Within the listing below, give again exactly the lines between the one containing "WilliamHill体育劳" and the one containing "Apartment Model: The", inclusive, pictures left aside.

- RECORDS SUPPLIED
********

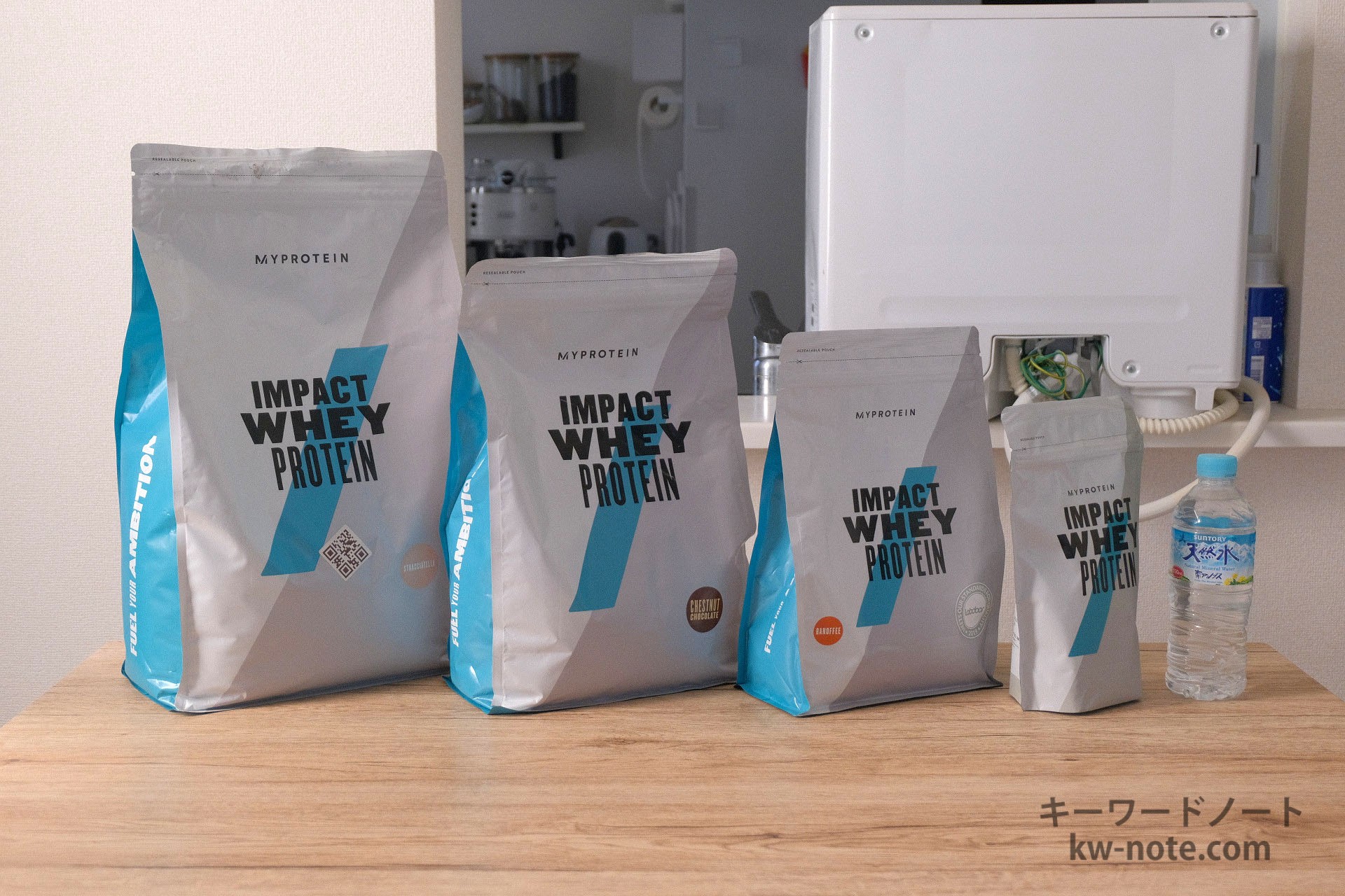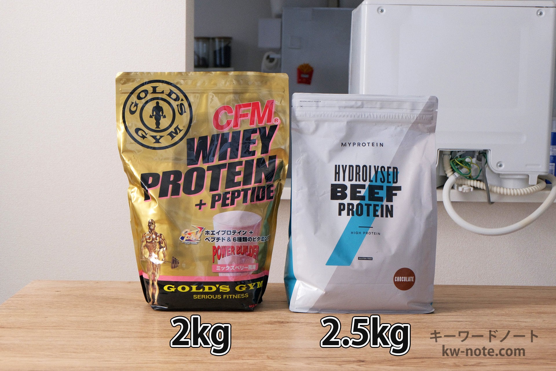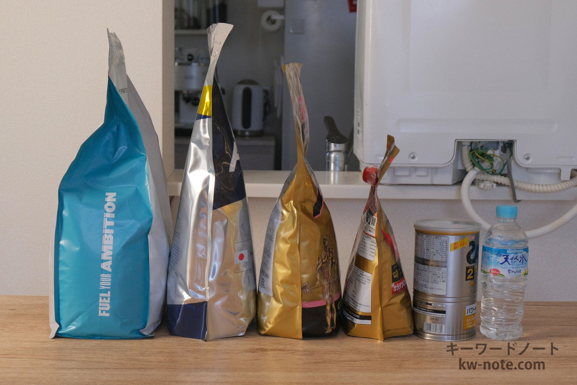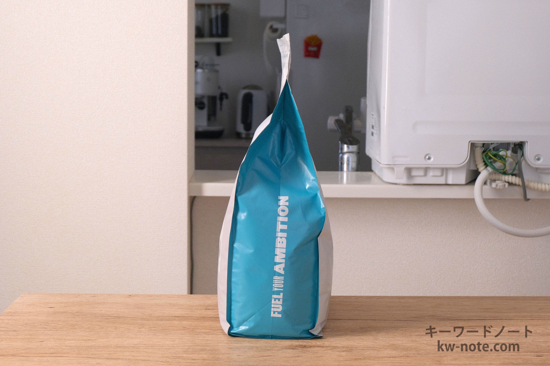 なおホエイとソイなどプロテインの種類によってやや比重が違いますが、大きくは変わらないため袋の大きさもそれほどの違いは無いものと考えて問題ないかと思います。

********

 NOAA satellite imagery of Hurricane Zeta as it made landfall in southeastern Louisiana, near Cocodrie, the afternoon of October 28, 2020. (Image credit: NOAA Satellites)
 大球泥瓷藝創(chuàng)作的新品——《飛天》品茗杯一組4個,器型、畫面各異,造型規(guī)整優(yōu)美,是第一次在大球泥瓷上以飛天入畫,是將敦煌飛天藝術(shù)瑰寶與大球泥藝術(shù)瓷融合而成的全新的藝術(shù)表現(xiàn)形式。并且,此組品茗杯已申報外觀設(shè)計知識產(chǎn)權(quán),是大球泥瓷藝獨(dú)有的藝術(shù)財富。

********

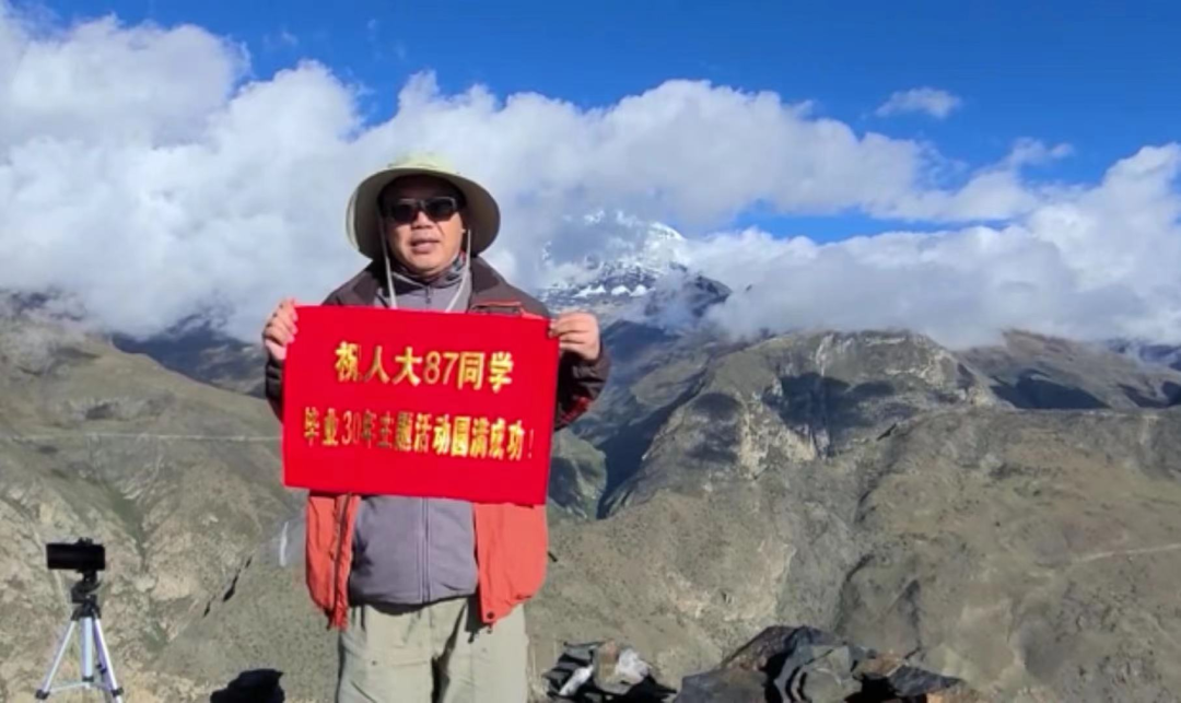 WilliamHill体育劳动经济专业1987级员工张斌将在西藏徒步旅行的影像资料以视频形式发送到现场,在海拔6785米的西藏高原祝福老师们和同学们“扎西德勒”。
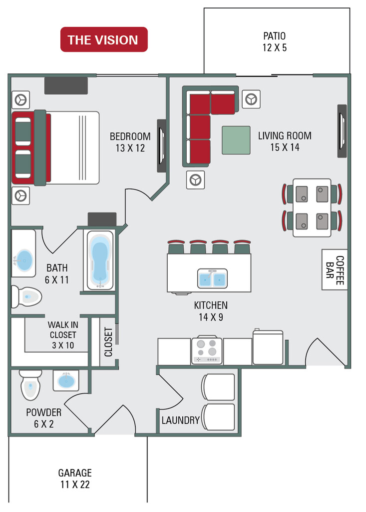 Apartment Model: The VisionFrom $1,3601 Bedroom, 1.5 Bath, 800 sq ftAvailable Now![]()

********

- EXERCISE SOLUTION
 WilliamHill体育劳动经济专业1987级员工张斌将在西藏徒步旅行的影像资料以视频形式发送到现场,在海拔6785米的西藏高原祝福老师们和同学们“扎西德勒”。
 Apartment Model: The VisionFrom $1,3601 Bedroom, 1.5 Bath, 800 sq ftAvailable Now![]()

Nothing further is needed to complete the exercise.